As I grabbed my flute and stepped towards the “Station” I froze in my tracks.  What the, who the…?  Hey, did that server just twist off the cork from that bottle?  Yes Jerry, that familiar sound of a popping cork emanated from the bottle they just twisted.  No, they didn’t twist off the cage that keeps the cork from prematurely spunking out the fine bubbles from the Champagne region of France; they UNSCREWED the plastic dome-like structure that sat atop the bottle.  Hey, that’s not Champagne.  You tricked me.  That’s an Italian Sparkling Wine like we drank when we were 15 and wanted to get buzzed, but needed something sweet to drink.  That’s Spumante, that light, low alcohol, sparkling wine that was made famous in the Asti region of Italy near Turin. 
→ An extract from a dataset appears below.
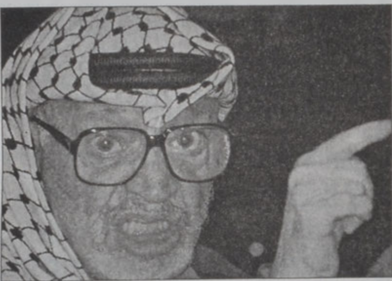
Արաֆատ իր խօսքի պահուն

Պաղեստինեան իշխանութեան նախագահ Եսաթ Արաֆատ ըսաւ, որ Իսրայէլի հետ տակաւին կարելի է խաղաղութիւն հաստատել, հակառակ երկու տարիէ ի վեր շարունակուող խռովութիւններուն ու արհմատակցութեան: Արաֆատ վերստին դատապարտեց այն գործողութիւնները, որոնք պաղեստինցի եւ իսրայէլացի քաղաքային գոհեր կը խլեն: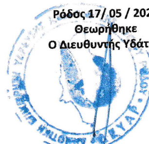
ΠΑΠΑΝΙΚΟΛΑΟΥ ΗΛΙΑΣ Αγρ.Τοπογράφος Μηχανικός ΠΕ

So I offered up my glass and watched as the Sparkling wine dribbled around the threads at the end of the bottle.  And yes folks, it tasted like that sweet, low alcohol stuff we made my older brother buy for us to celebrate Markie getting his driver’s license after his third and final attempt.  Feeling the Wine Snob inside racing towards my mouth to inform the hostess this should in no way be referred to as a "Champagne" station, I took several cleansing breaths and smiled politely, thanking the girl who just plopped a raspberry in my flute.  I was also amazed at what a chick-pleaser this beverage turned out to be.  I heard tons of comments from the women at and around my table, “what a great Champagne.”  At which point, I launched into a half hour discussion on why this was not Champagne, nor should it be spoken about in the same sentence, though I held that conversation in my head, not to upset the table.

Always wanting to make sure I have the facts, and looking to cure my ailing head, I spent time yesterday reading up on the Spumante that was adored by so many.

VERDI Spumante is a blend of wine and fermented Cereal.  CEREAL?  Maybe I can have this for breakfast.  Please give me a Verdi Wheaties, or for those on a diet, the VERDI Special K.  Bosca Winery, famous for their Vermouth, another bastardized wine beverage, spent years in development for this product.  The team set out to develop a beverage that was Versatile, Enchanting, Revolutionary, Daring and Innovative.  What they came up with is a light, 5% alcohol, sweet sparkling wine that is a mainstay for toasts at banquet halls around the globe.  And by the way, they have a patent pending on the twist-off cork apparatus thing.  So next time a friend invites you over for a glass of Champagne and your recognize this label, punch them in the stomach and tell them it’s NOT Champagne, then politely drink their sweet sparkling wine with plenty of fresh fruit and 2 aspirin to outsmart the headache.